== Input material ==

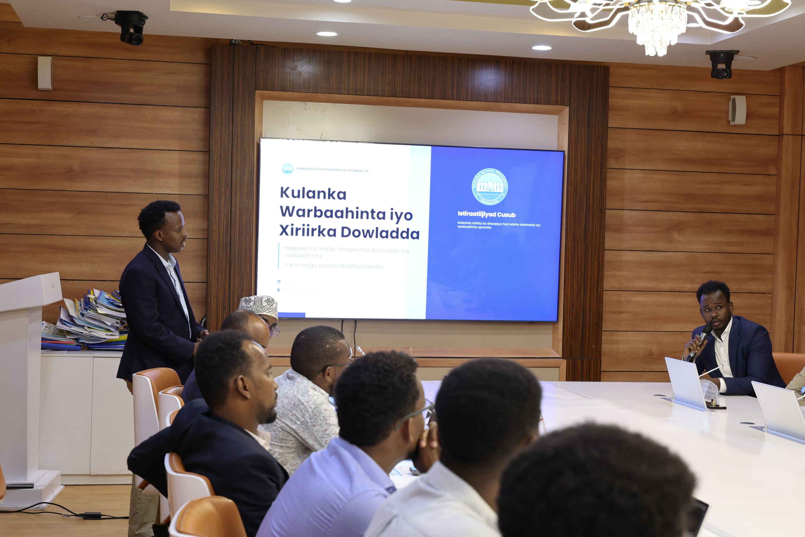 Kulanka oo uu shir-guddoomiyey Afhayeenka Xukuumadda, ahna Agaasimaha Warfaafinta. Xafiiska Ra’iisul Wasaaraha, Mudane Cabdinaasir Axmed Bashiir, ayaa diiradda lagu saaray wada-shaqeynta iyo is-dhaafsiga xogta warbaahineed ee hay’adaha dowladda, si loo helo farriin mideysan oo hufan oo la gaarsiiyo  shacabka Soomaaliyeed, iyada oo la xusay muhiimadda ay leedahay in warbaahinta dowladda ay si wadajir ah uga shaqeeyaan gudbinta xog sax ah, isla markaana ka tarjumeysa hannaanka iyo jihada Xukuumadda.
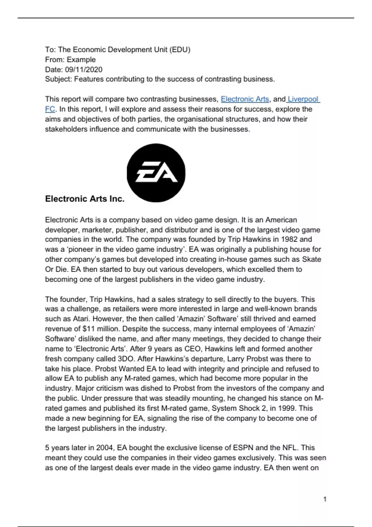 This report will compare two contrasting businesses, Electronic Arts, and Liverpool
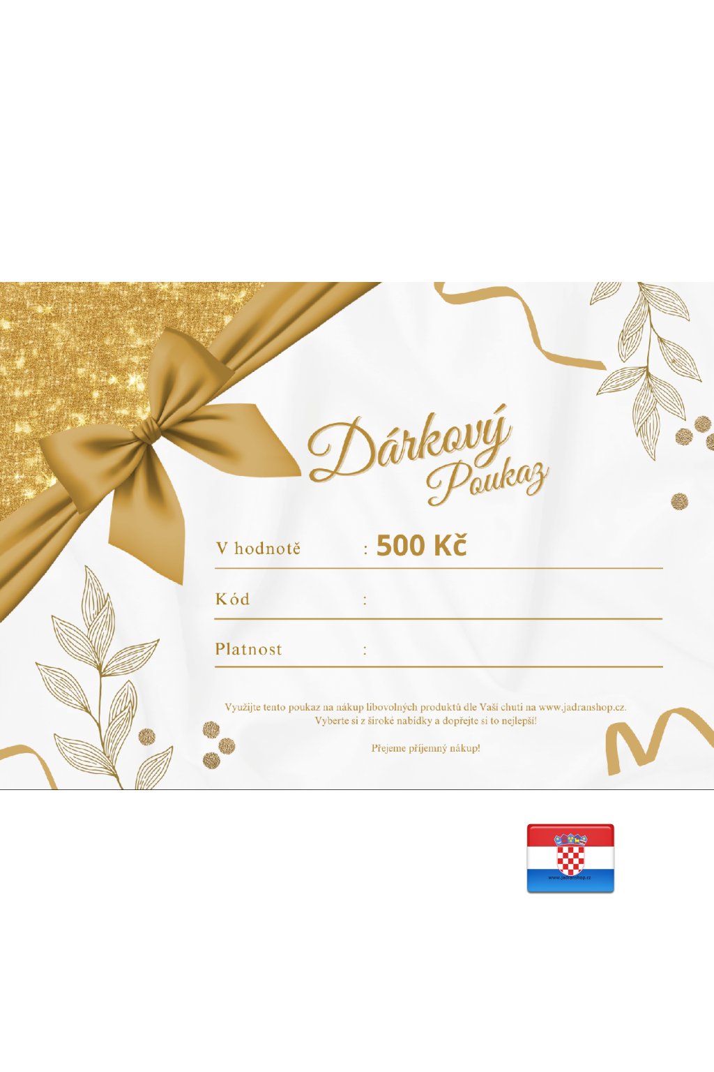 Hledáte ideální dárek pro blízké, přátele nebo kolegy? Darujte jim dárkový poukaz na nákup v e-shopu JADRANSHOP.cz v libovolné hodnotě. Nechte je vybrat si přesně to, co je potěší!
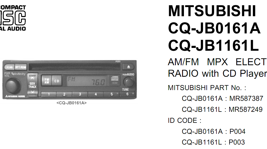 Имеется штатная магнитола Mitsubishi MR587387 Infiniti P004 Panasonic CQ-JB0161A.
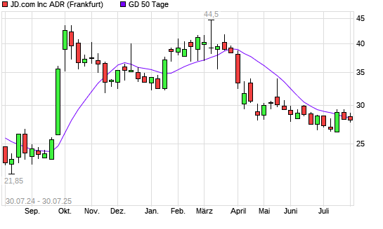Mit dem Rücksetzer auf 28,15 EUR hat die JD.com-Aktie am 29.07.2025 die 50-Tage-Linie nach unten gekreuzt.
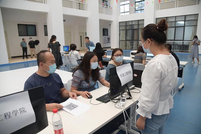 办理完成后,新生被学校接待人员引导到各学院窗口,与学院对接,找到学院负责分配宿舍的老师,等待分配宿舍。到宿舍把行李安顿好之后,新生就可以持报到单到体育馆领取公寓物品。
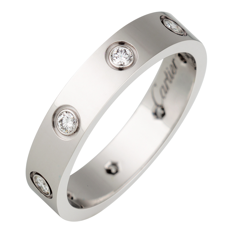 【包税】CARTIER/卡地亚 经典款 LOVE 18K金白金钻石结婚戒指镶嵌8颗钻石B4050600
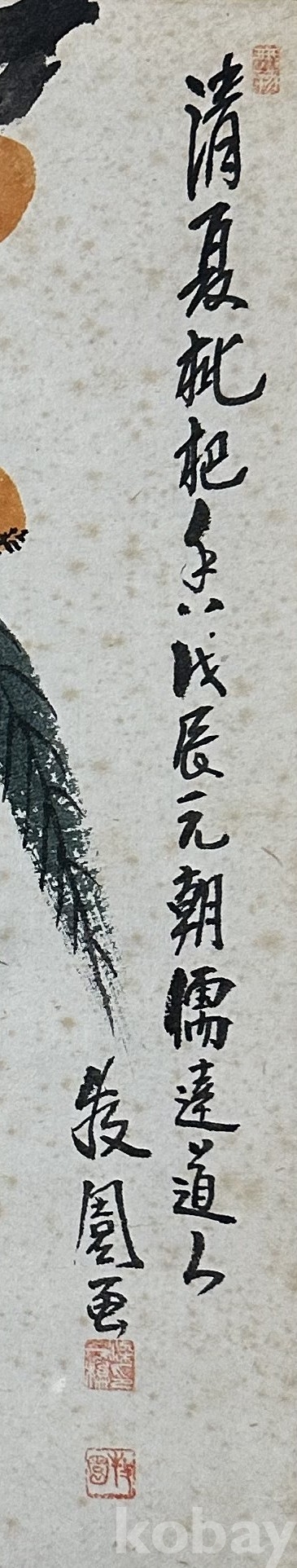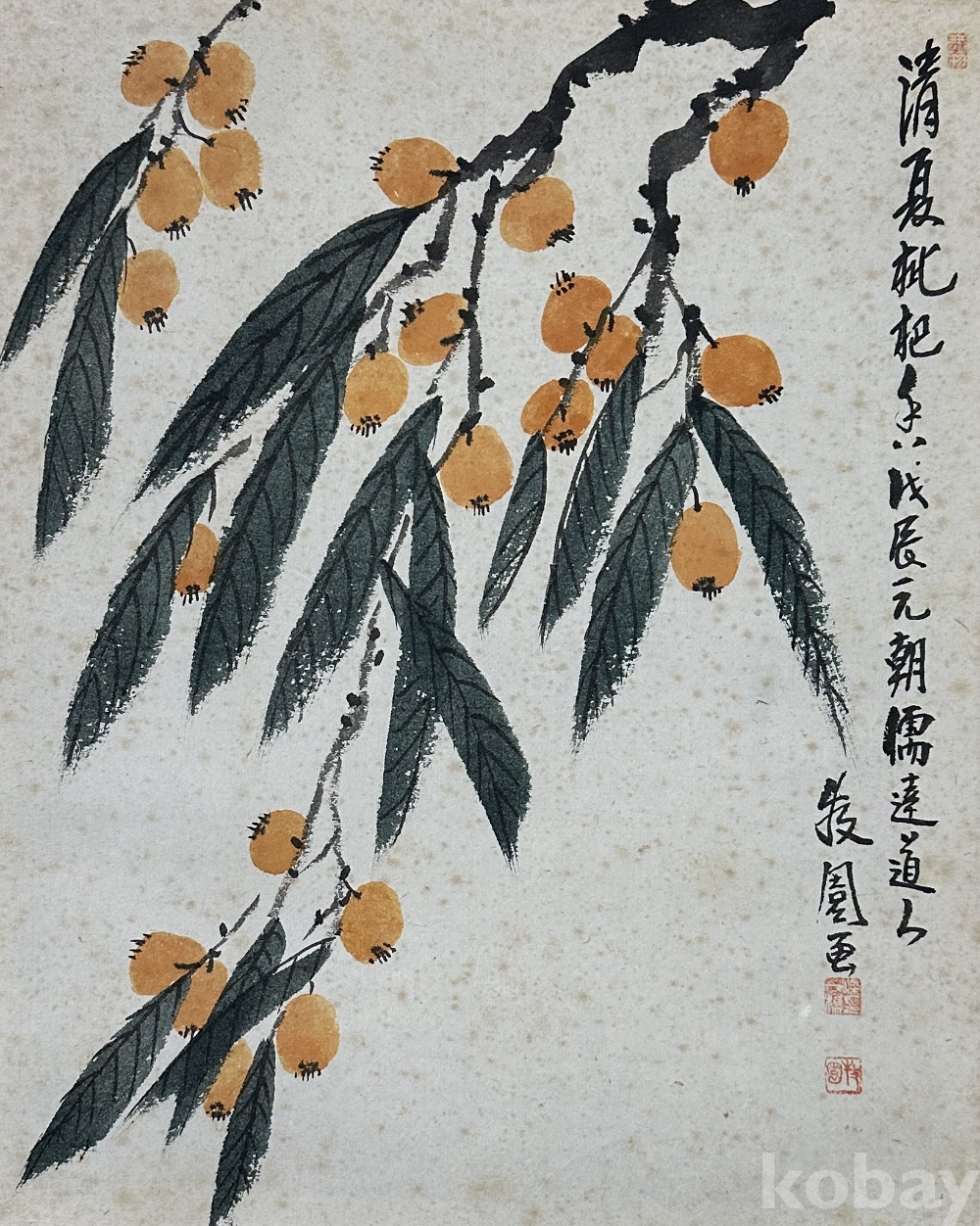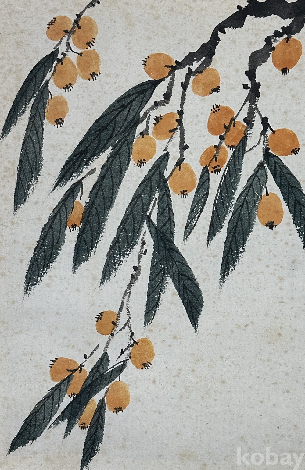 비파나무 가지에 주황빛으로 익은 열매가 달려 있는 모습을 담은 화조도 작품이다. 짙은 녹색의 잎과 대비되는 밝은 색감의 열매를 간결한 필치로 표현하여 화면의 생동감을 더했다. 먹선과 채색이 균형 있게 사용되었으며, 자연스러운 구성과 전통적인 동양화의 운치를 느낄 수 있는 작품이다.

===
== Input material ==

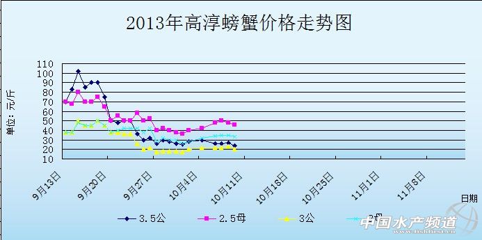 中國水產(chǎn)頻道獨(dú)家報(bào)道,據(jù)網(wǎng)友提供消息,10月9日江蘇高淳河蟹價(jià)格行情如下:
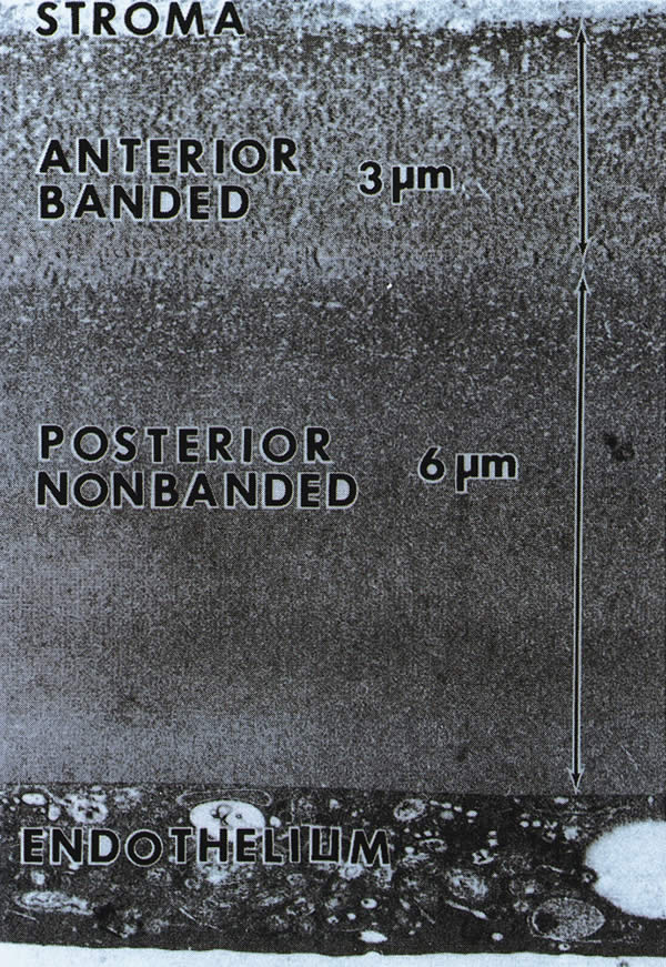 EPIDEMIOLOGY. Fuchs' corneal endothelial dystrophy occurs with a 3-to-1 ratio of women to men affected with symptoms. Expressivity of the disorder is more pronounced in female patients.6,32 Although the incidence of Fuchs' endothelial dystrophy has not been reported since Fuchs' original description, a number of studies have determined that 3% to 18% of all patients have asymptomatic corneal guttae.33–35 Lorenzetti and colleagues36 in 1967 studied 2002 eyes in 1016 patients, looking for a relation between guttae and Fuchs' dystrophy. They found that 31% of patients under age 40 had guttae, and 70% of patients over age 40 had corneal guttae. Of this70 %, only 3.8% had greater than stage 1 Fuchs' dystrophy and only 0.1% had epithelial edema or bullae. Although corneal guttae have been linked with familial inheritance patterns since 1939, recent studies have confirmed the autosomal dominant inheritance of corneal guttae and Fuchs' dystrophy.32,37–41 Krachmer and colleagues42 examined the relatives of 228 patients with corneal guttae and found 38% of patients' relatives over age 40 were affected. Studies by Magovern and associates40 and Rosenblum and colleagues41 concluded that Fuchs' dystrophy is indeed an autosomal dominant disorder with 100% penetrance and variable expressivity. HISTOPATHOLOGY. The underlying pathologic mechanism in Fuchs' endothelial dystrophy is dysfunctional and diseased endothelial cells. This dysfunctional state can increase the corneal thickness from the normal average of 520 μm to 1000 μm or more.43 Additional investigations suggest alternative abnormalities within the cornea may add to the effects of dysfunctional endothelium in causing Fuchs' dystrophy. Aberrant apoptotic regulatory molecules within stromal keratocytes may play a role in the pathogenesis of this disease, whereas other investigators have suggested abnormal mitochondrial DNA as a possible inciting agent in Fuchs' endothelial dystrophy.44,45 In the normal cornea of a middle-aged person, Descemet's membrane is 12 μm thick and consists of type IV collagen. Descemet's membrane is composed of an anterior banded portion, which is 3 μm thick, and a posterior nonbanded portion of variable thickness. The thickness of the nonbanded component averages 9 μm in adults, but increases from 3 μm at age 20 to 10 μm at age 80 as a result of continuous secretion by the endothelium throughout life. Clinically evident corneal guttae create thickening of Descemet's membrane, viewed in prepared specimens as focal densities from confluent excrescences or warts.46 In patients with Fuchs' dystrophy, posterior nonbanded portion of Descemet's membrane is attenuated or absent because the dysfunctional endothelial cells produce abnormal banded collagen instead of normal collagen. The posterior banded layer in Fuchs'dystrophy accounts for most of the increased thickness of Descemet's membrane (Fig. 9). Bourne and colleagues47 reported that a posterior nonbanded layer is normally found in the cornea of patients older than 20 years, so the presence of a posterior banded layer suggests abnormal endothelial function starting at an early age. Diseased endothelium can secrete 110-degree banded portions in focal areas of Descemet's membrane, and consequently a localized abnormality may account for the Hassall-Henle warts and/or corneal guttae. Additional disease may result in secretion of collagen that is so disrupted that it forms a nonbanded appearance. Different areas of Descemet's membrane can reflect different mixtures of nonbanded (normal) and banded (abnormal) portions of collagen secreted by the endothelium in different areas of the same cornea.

===

What you are asked to do:
From the records above, write out exactly the lines that begin at the line with "经典款 LOVE 18K金白金钻石结婚戒指镶嵌8颗钻石B4050600" and end at the line with "비파나무 가지에 주황빛으로". Pictures must not appear in the output.

Answer to the problem:
 【包税】CARTIER/卡地亚 经典款 LOVE 18K金白金钻石结婚戒指镶嵌8颗钻石B4050600
 비파나무 가지에 주황빛으로 익은 열매가 달려 있는 모습을 담은 화조도 작품이다. 짙은 녹색의 잎과 대비되는 밝은 색감의 열매를 간결한 필치로 표현하여 화면의 생동감을 더했다. 먹선과 채색이 균형 있게 사용되었으며, 자연스러운 구성과 전통적인 동양화의 운치를 느낄 수 있는 작품이다.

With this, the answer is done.